Effect of single or repeated infusions of i.v. reovirus on a physiologically‐damaged background liver. PBS (white bars), a single dose (Reox1; grey bars) or repeated doses (Reox3; black bars) of reovirus were administered to mice with induced liver damage by HFD or CCl₄, or to control mice, by i.v. injection before harvest of livers on d4. (A) Flow cytometry analysis of liver samples for PD‐L1 and CD69 expression on CD4+ and CD8+ T‐cells are depicted. Representative histograms and bar charts presented as mean ± SEM % positive cells. (B) Liver function was assessed by measuring serum levels of AST, ALT, ALB, TBA, ALP and CK. Grey boxes represent the normal range. (Data are presented as mean ± SEM solute concentration; n = 5 per group; unpaired t‐tests *p < .05, **p < .01, ***p < .001, and ****p < .0001).

3.6. Efficacy of reovirus can be enhanced by combination with PD‐L1

Given our previous data showing that a single dose of reovirus was sufficient to activate T‐cells (Figures 1, 2 and 3A), we sought to determine the expression profiles of reovirus‐induced PD‐1 and PD‐L1 on T‐cells in tumour‐bearing mice after a single dose. Figure 4 shows that PD‐L1 was significantly upregulated on a large proportion of CD4 and CD8 T‐cells in dLN (>90%), liver (>80%) and tumour (>60%) 3 days after i.v. reovirus, with levels reducing by d9. Conversely, reovirus did not upregulate PD‐1 expression on CD8 T‐cells and only a small proportion (<5%) of dLN and liver CD4 T‐cells by d9 (Figure 4A,B). CD69 was also observed to increase following a single reovirus injection by d3, most notably on dLN T‐cells. Similarly, HCC patient PBMCs also induced an equivalent upregulation of CD69 and PD‐L1 on CD4+, CD8+ T‐cells (Figure 4C), NK cells, CD14+ monocytes and CD19+ B‐cells (Figure S4) following exposure to reovirus, whilst repeated doses had limited additional effect over one dose.

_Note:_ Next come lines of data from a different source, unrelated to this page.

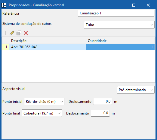 Permite introduzir uma canalização vertical do tipo caminho de cabos, calha ou tubo a partir de um catálogo de fabricante, definir o seu ponto inicial e final, além de configurar as suas preferências de visualização.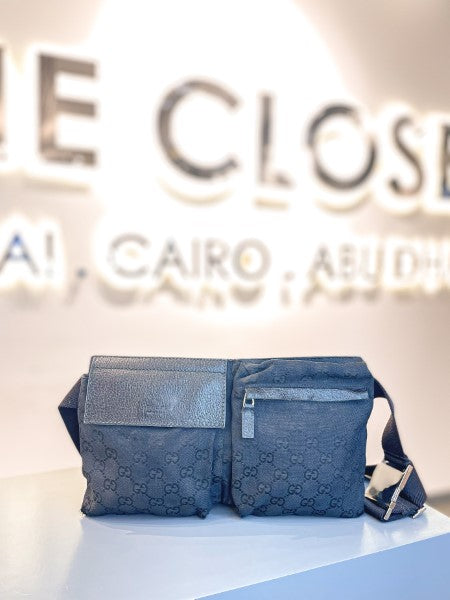 Gucci Black GG Monogram Web Double Pocket Waist Bag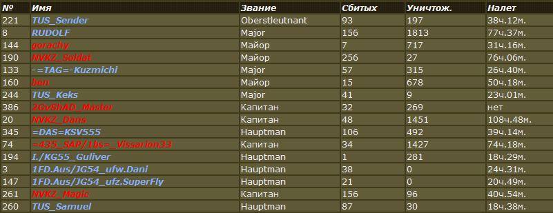 Сендер молодец - как залез на первое место оберстлейтенантом, так и сидел там всю войну Вобще на серваке полная синева кругом - и по раскладам крафтов и по квалификации пилотов. Может быть расклады были рассчитаны на то, чтобы после 43го года синим было сложнее, но война волшебным образом раньше закончилась и мстя красных стала невозможной. Хотя если бы мы зашли за красных, все могло быть совершенно иначе... Короче ТУЗы - молодцы!! Как всегда жжем =)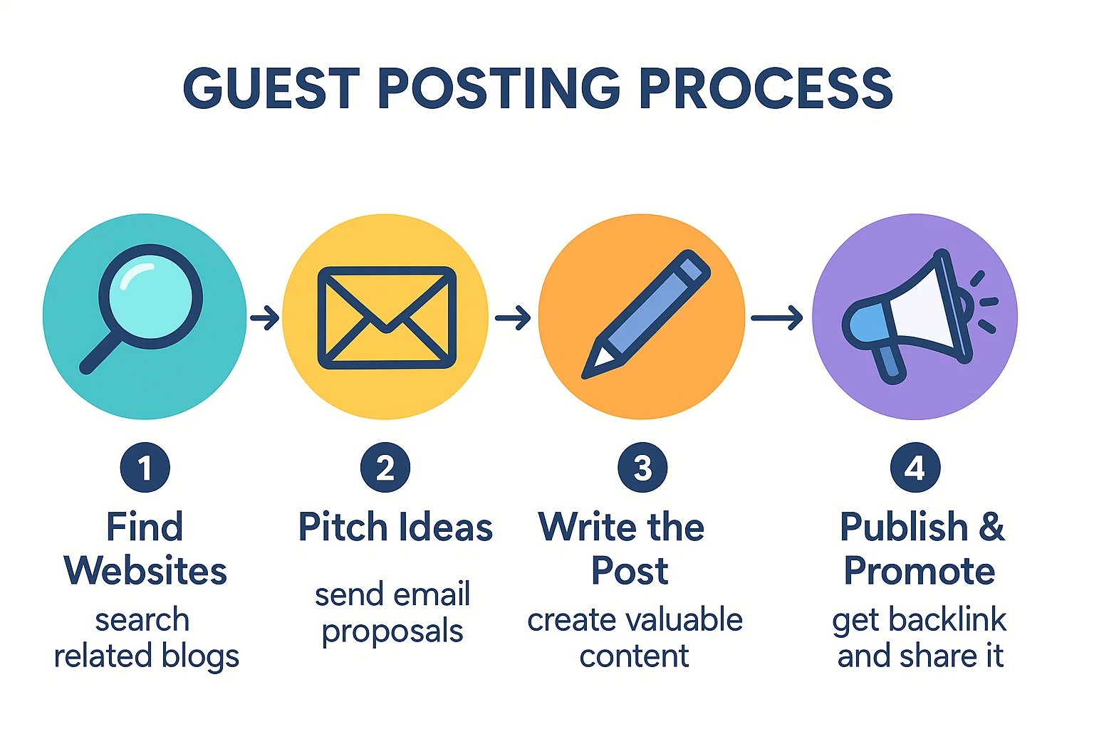 Finally, once the post is published, you should promote it yourself. Share it on social media, your website, or with your friends and followers. This helps more people see your work and drives traffic back to your website through the link included in your guest post.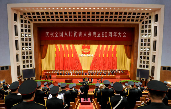 9月5日,庆祝全国人民代表大会成立60周年大会在北京人民大会堂举行。新华社记者 张铎 摄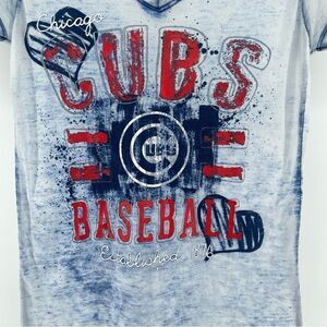 5th & Ocean Women’s Chicago Cubs Baseball Burnout V-Neck Short Sleeve Tee Small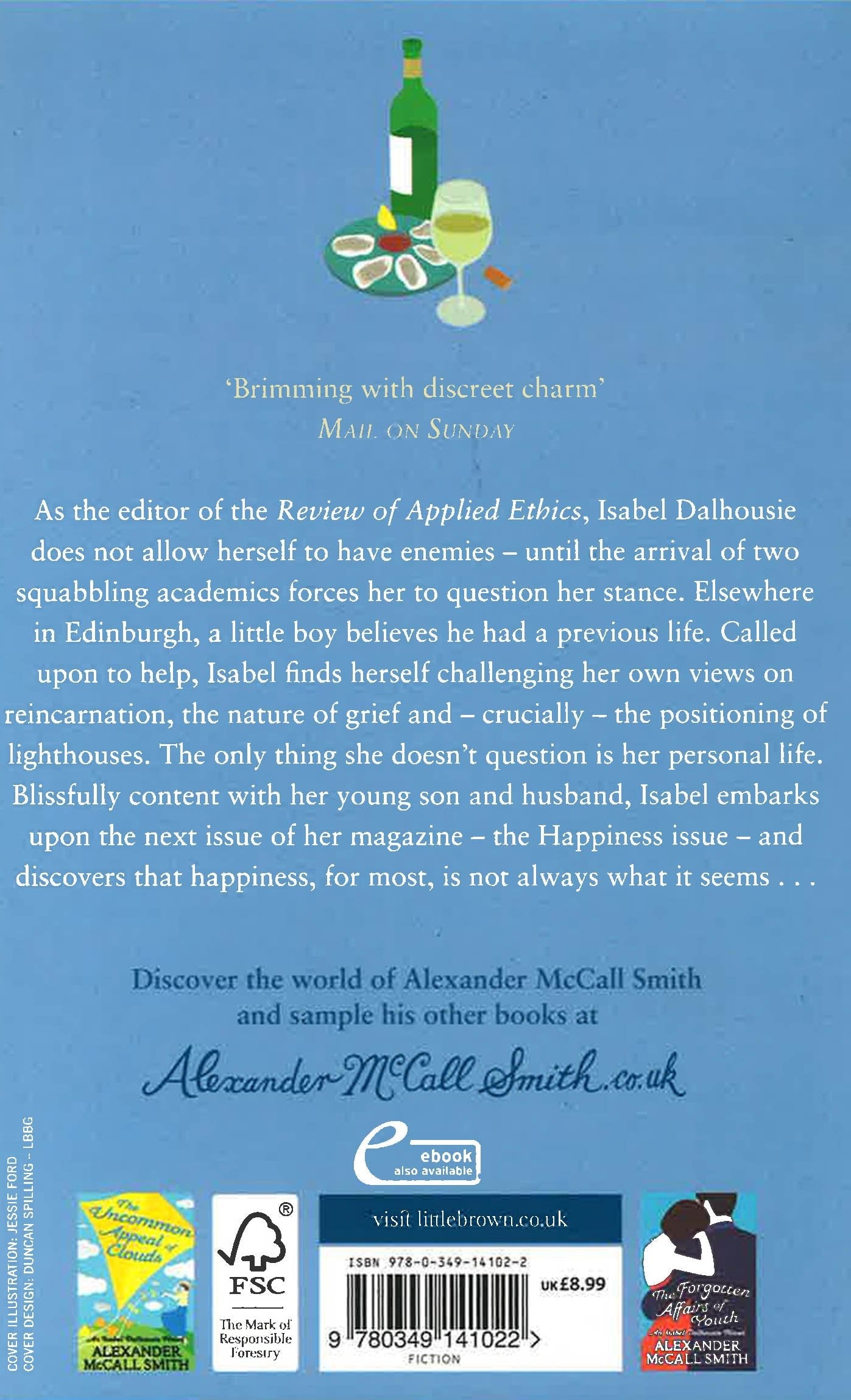 Isabel Dalhousie is one of Edinburgh's most generous (but discreet) philanthropists - but should she be more charitable? She wonders, sometimes, if she is too judgmental about her niece's amorous exploits, too sharp about her housekeeper's spiritual beliefs, too ready to bristle in battle against her enemies. As the editor of the Review of Applied Ethics, she doesn't, of course, allow herself actual enemies, but she does feel enmity - especially towards two academics who have just arrived in the city. Isabel feels they're a highly destabilizing influence; little tremors in the volcanic rock upon which an Enlightened Edinburgh perches. Equally troubling is the situation of the little boy who is convinced he had a previous life. When Isabel is called upon to help, she finds herself questioning her views on reincarnation. And the nature of grief. And - crucially - the positioning of lighthouses. The only questions Isabel doesn't have to address concern her personal life. With her young son and devoted husband her home life is blissfully content. Which is the best possible launching pad for the next issue of the Review - the Happiness issue. As Isabel is beginning to appreciate, happiness, for most people, is not quite what it seems . . .

Effects of single or repeated doses of reovirus on checkpoint molecule and CD69 expression on murine T‐cells in dLN, liver and tumour, and HCC patient PBMC. 1MEA tumour‐bearing mice were treated with a single dose of i.v. reovirus or PBS (naïve represents untreated mice) prior to organ harvest at 3 or 9 days post‐treatment. Single cell suspensions of dLN, liver and tumour were analysed by flow cytometry for: (i) PD‐1, (ii) PD‐L1 and (iii) CD69 expression on (A) CD4 and (B) CD8 T‐cells. (Data are presented as mean ± SEM % positive cells for naïve, PBS (white bars) and reovirus (grey bars); n = 5; unpaired t‐tests *p < .05, **p < .01, ***p < .001). (C) PBMCs from HCC patients were treated with PBS, a single dose (Reox1) or multiple doses (Reox3) of reovirus prior to assessing CD69 and PD‐L1 on CD4+ and CD8+ T‐cells (individual patient data [n = 7] is shown ±SEM; paired t‐tests *p < .05, **p < .01).

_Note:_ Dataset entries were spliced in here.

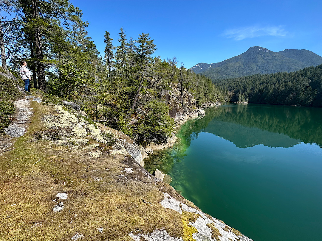 Irgendwann reißen wir uns doch von dem wunderschönen Prideaux Haven im Desolation Sound los. Wie so oft gibt die Wettervorhersage den Ausschlag: ein bewölkter Tag ohne Wind und dann Nordwestwind. Passt super, um uns Richtung Princess Luisa Inlet aufzumachen.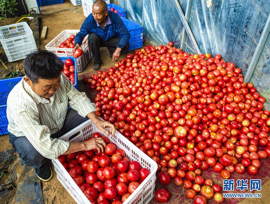 6月2日,枣强县恩察镇郭堂村的菜农在挑选西红柿。新华社记者 李晓果 摄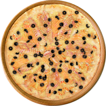 Основа: Традиционная (толстое тесто ⌀35см) (650 г) Соус: Соус белый (100 г) Топпинги: Креветки (50 г), Лосось (50 г), Сырное ассорти (50 г), Маслины (50 г), Окунь (филе) (100 г) Доп. топпинги: - нет -

We further sought to define whether i.t. injection would enable more focused tumour immune activation, whilst protecting the background liver. Although i.t. injection appeared to upregulate CD69 expression to a greater level than the i.v. route, predominantly in tumour compared to liver, no significant differences in PD‐1 and PD‐L1 upregulation were observed between i.v and i.t administration (Figure S5).

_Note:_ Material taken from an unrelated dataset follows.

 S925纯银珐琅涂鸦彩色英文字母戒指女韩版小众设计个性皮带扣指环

We next determined the potential for combination reovirus‐PD‐1/PD‐L1 blockade in HCC, in the context of multiple/single reovirus injections (Figure 5). As expected, both single/multiple doses of reovirus alone had no impact on tumour burden or survival. In contrast, in vitro data demonstrated a negative effect of reovirus on the metabolic activity of both HCC patient‐derived tumour cells and HCC cell lines to an equivalent level, regardless of the number of reovirus doses given (Figure S6). Combining single/multiple injections of reovirus with anti‐PD‐1 also did not significantly change tumour growth or survival (Figure 5A,B). However, the addition of anti‐PD‐L1 in combination with reovirus did significantly delay tumour growth and prolong survival (Figure 5C,D). Importantly, multiple doses of reovirus did not enhance the efficacy of this combination therapy over that observed from a single dose. These data suggest that an effective combination of reovirus plus anti‐PD‐L1 could potentially be achieved with a single dose of virus within each cycle of therapy.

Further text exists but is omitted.